The report catalogues recent and proposed legislative changes, increasing reliance on technology by law enforcement, and incidents of surveillance unconnected to violent crime.
Police force, as well as surveillance, is disproportionately deployed against Black activists, the report says. Black people are more likely to be fingerprinted in the street than others. The paper further argues that bias in facial recognition will exacerbate the unequal treatment.
The report identifies what Weitzberg characterizes as “5 key repressive surveillance technologies,” calling out mobile fingerprint scanners, centralized databases, particularly with biometrics, social media surveillance, facial recognition, and military-grade drones.
Mobile fingerprint biometric scanners were already in use by three-quarters of UK police forces in 2019, according to the report.

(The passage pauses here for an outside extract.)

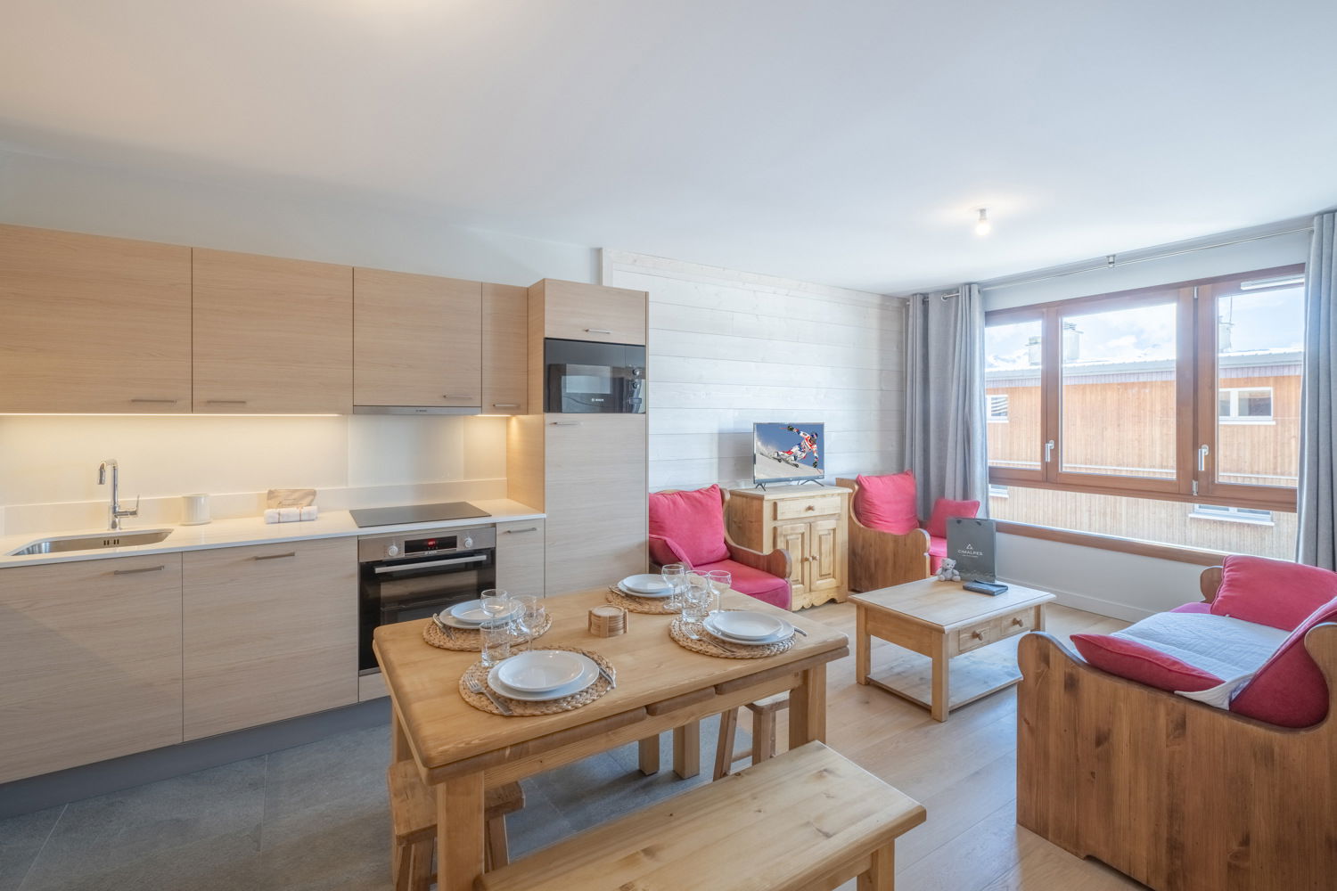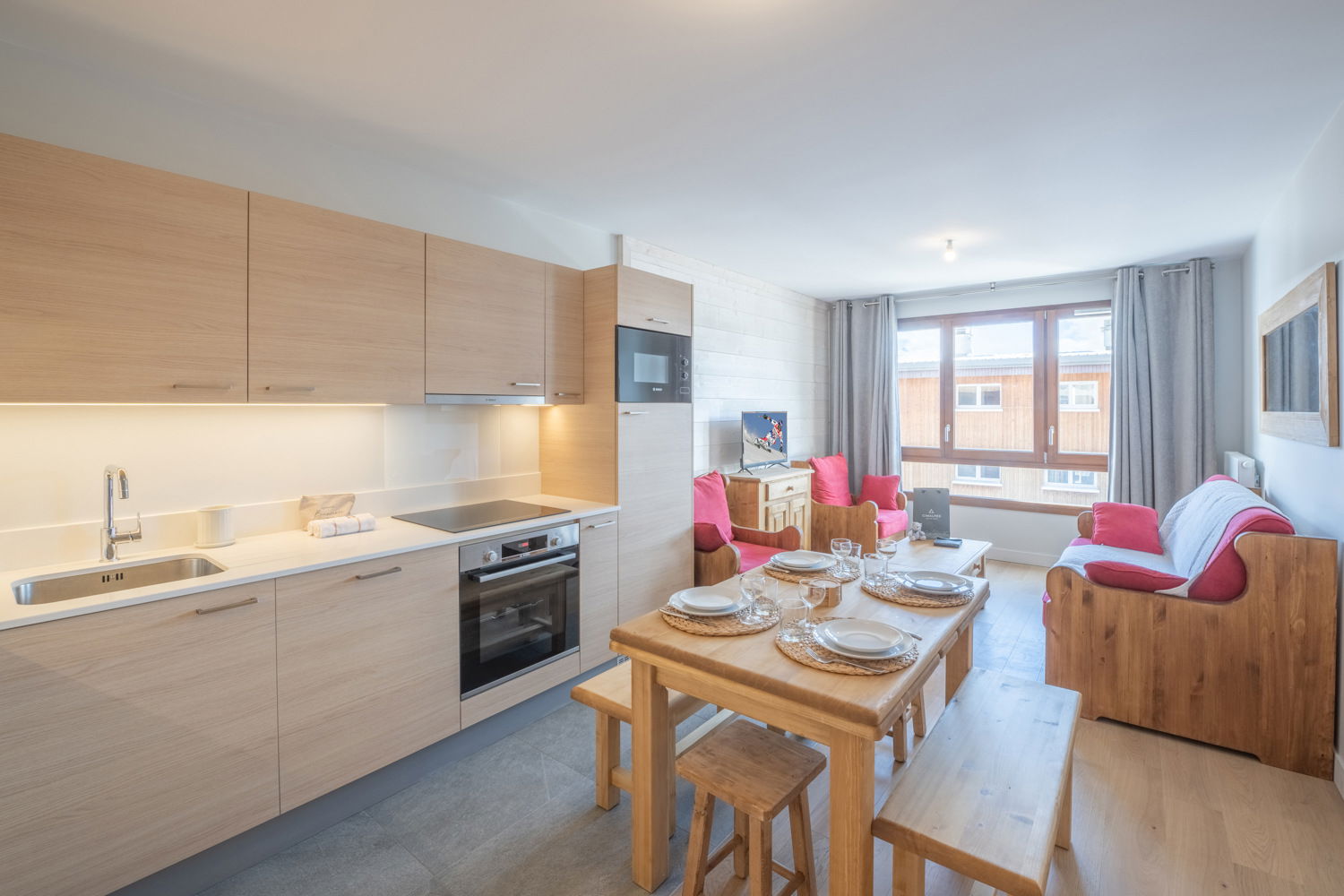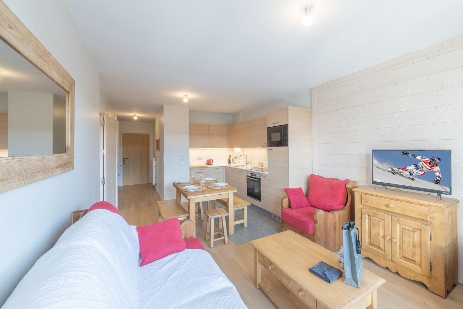 Located in the heart of Vieil Alpe, just 400m from the resort centre, discover the exceptional Fermes de l'Alpe residence and this very attractive 49m² flat for 2 adults and 2 children. Close to the ski slopes and all the amenities you need to make the most of the resort.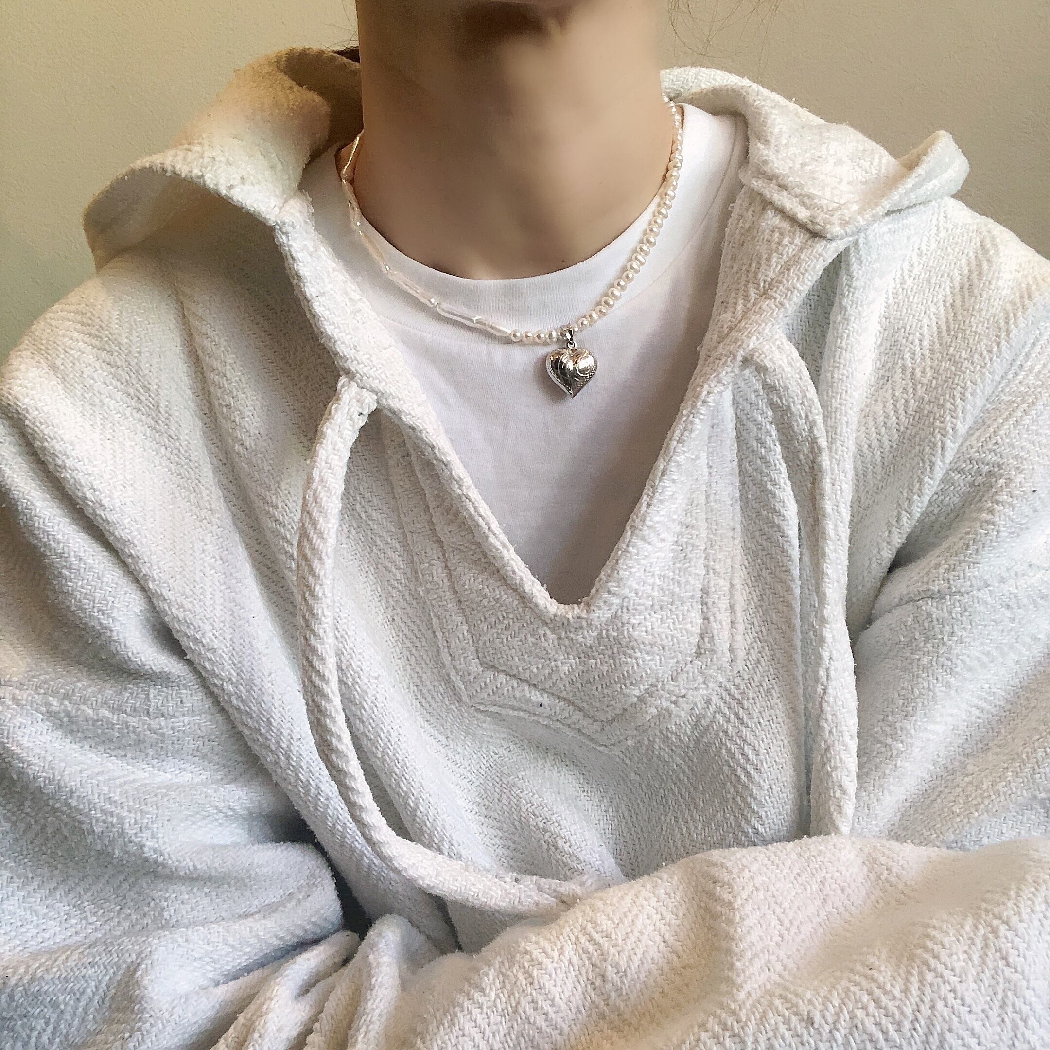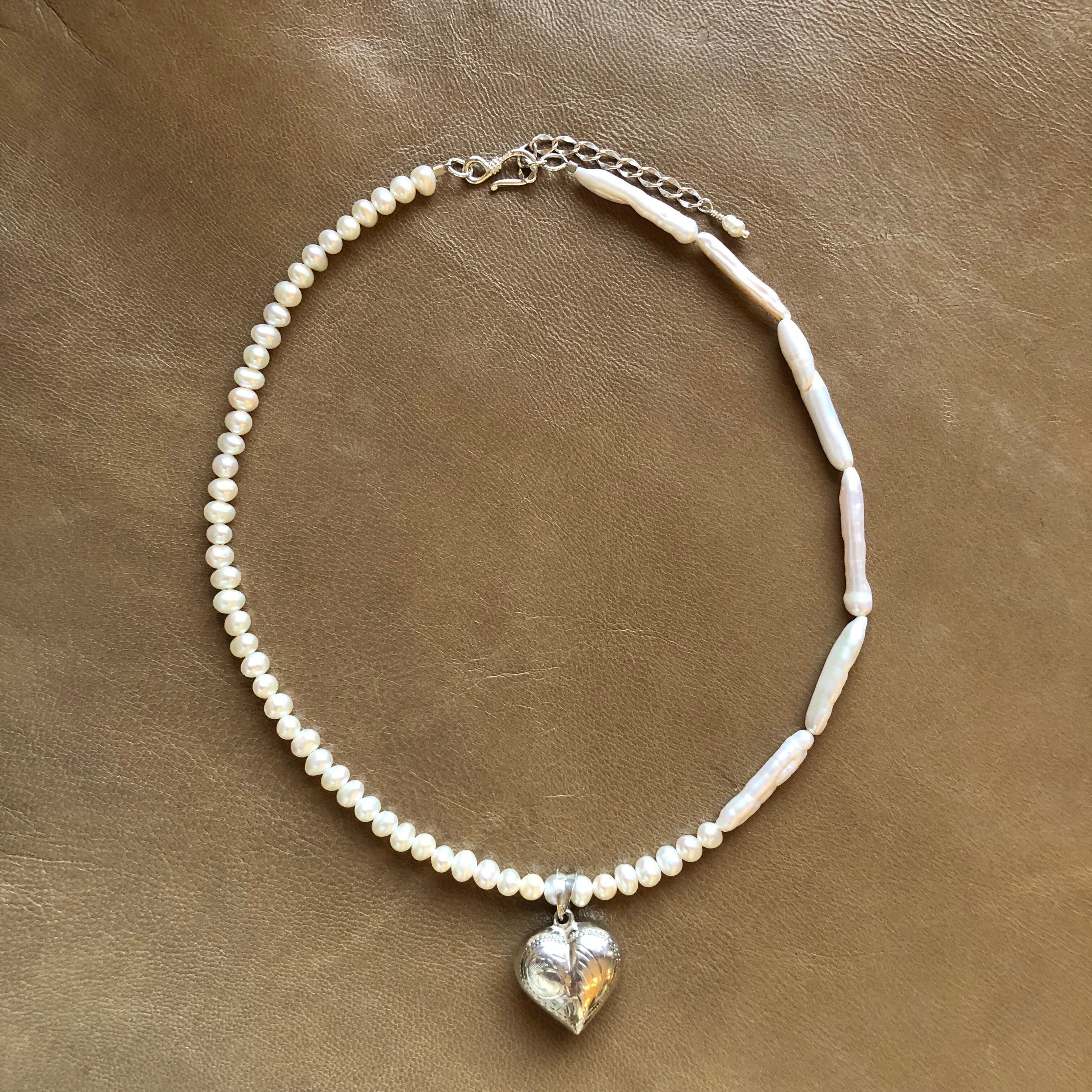 Doux grain パールネックレス×ヴィンテージハートチャーム

The Home Office Biometrics program is criticized for increasing the surveillance powers of the state, while also sharing biometric data with “international security agencies.”
A Netpol representative emphasized the excessive policing of, and use of force against, marginalized communities.
Biometric wearables for migrant monitoring coming
The Home Office and Ministry of Justice plan to have migrant convicts perform up to five biometric face scans each day to ensure they are complying with the conditions of their release.
The Guardian spotted a £6 million (US million) contract awarded by the Home Office for the “non-fitted devices,” which the department says “will provide a more proportionate way of monitoring specific cohorts over extended periods of time than fitted tags.” The contract expires at the end of 2023.
In the event that a biometric check-in is missed on unsuccessful, a manual check will be performed.
Privacy International criticized the deployment on grounds that facial recognition is biased.